When trading on the news, every Singapore Forex trader must follow certain steps in order to make his trading organized and profitable. There are 3 main stages that every trader must remember. Before you start trading you need to find out the exact time of the news release and what type of financial news it is.
The first stage. This stage takes place before the news release. We check where USD is moving during this time and read the analysts’ forecasts that are helping us approximately estimate what we can expect from the news and the market. For example, if you expect high inflation in the USA, it’s bad for the USD and it is likely to fall. In this case you will open a sale position. If the expectations are good for the USA we buy USD.
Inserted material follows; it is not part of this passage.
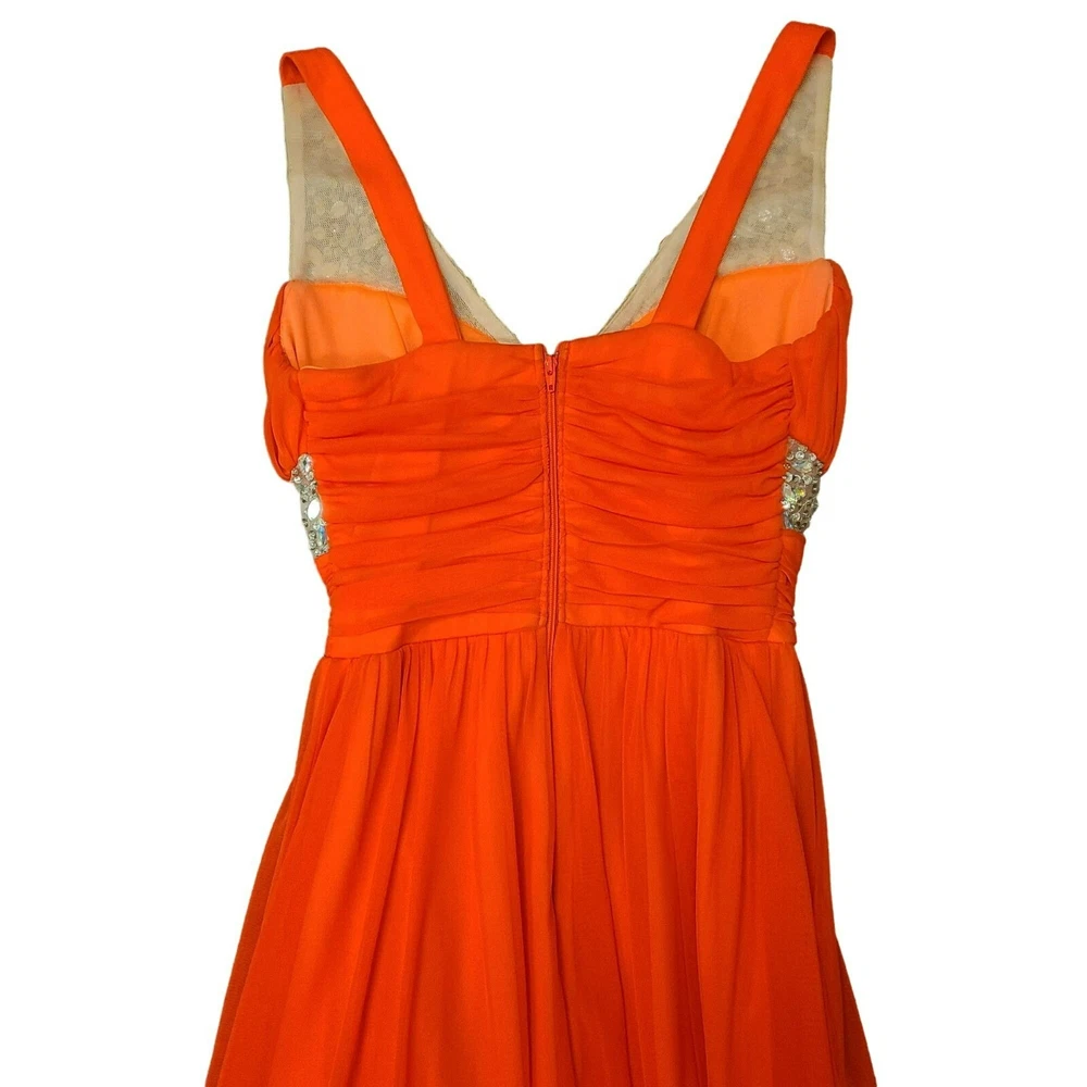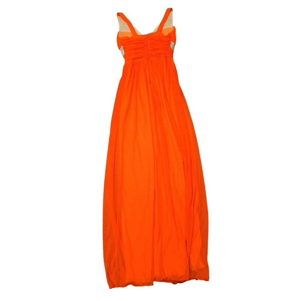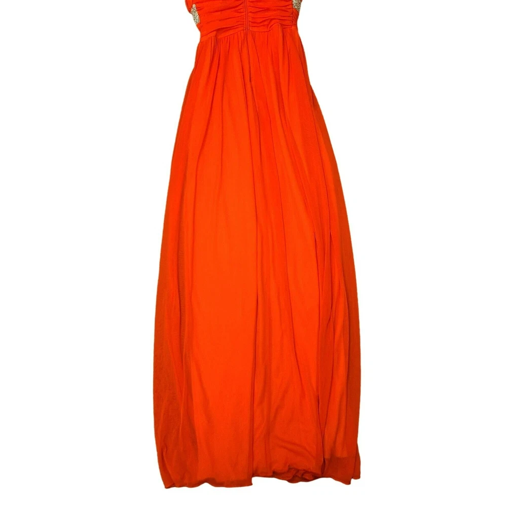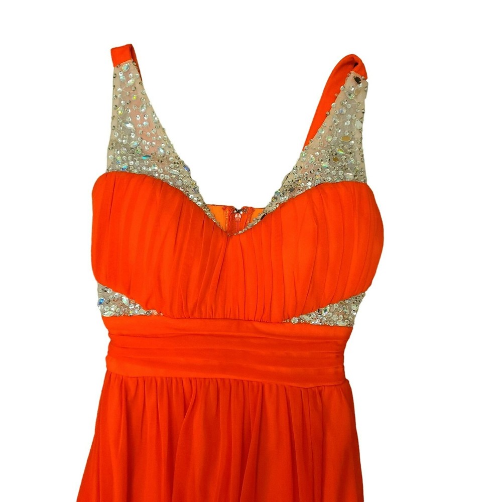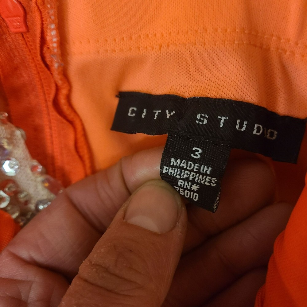 City Studio Maxi Party Formal Prom Dress Gems & Sequins Orange Juniors 3 Size Juniors 3 Color bright orange, fluorescent orange Condition in excellent pre-owned condition Features maxi length, flowy full length, fully line, wide tank straps, sweetheart neckline, with ruching at the bust, waist and top of skirt, top and below chest embellished with gems and sequins, slit up the bottom to reveal lighter orange lining, 100% polyester, made in the Philippines, professional spot clean only dance, prom, homecoming, Hoco, formal, wedding, cocktail party, dress, maxi, embellished, gems, sequin, sparkle, sexy, club, Vegas, fluorescent, bright orange Approx. Measurements 11" across the waistband and 56" long from the shoulder to the hem R-34

Second stage. The Second stage starts approximately half an hour before the news release. It is better to close the previously open positions or, in extreme cases, to put the stop-losses as the market might become very chaotic and unpredictable by this time. The Second stage in the Forex news trading is relevant in case if you have open positions before the news release, if not – go to the third stage.
If you think your nerves can not withstand the stress of the price movement against your position, you don’t have to trade at the moment, just watch the market and get moral satisfaction. Forex will be here tomorrow and a month later. But you should be ready for it. Meanwhile you can look at the Forex market’s movements and practice using a paper and your Forex demo account.
And finally, the third stage. This is the news release time and we are looking for the right moment to open a trading position. For example the news released show that the USA inflation is going to grow, and the markets stat moving. (EUR/USD is moving up and USD/JPY is moving down). Do not rush to enter the market during the first seconds or even minutes after the news release. Open your trading position if you think that the price will continue to move that direction. If the market keeps moving your direction and you are making profit, pull your stop-loss after the market, keeping in mind that there will be some corrections of the trend. Thus, you will not close your position too early and will make good profits.
Sounds simple, isn’t it? But this is an “ideal scenario”. The reality may be different. Often the market “shakes” a lot before it takes one direction and this is a very dangerous time for a Forex trader to enter the market.
Use this strategy very carefully and only after practicing on a demo account. Calculate the lot size, as well as your psychological situation. The Forex news trading strategy may give you high profits, but you must be careful and practice a lot. We wish you positive emotions and good market movements!